Inclusion Criteria

Concurrent Medication:

Allowed:

• Experimental drugs (IND drugs) which are targeted specifically against the AIDS virus or which stimulate the immune system.
• Systemic or oral antibiotics.

Patients must have AIDS or AIDS-related syndromes (HIV infection:

• Group III or IV, CDC classification) and not have been treated for oral candidiasis during the past year.
• Patients can be entered into the study who have:
• Other oral lesions due to Kaposi's sarcoma, herpes zoster, and herpes simplex.
• A positive or negative oral culture for Candida.
• Must be able to follow instructions regarding the use of a pastille.

Exclusion Criteria

Co-existing Condition:

Patients with the following are excluded:

• Oral lesions diagnostic of oral candidiasis or systemic candidiasis.
• Suspected or proven candidal esophagitis.

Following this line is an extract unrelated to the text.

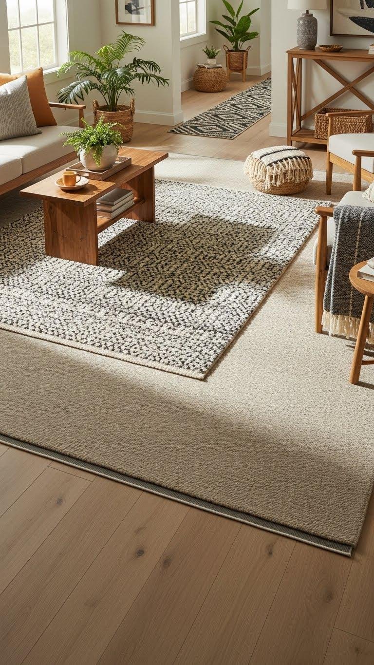 When you layer rugs, you instantly define zones and add tactile depth without reworking furniture placement; start with a large, neutral foundation rug and top it with a smaller textured or patterned piece to create contrast, anchor seating, and soften hard floors. You’ll add a soft rugpad beneath for grip and cushioning, then use a patterned runner to guide traffic and inject personality while staying effortlessly free.

Patients with the following are excluded:

• Oral lesions diagnostic of oral candidiasis or systemic candidiasis.
• Receiving any effective antifungal agent orally or intravenously within 72 hours of study entry.
• Not expected to survive for at least 6 months.
• Unable to voluntarily maintain a pastille in the buccal cavity for approximately 20 minutes twice a day.
• Known hypersensitivity to nystatin.
• Suspected or proven candidal esophagitis.

Prior Medication:

Excluded within 72 hours of study entry:

• Any oral or intravenous antifungal agent.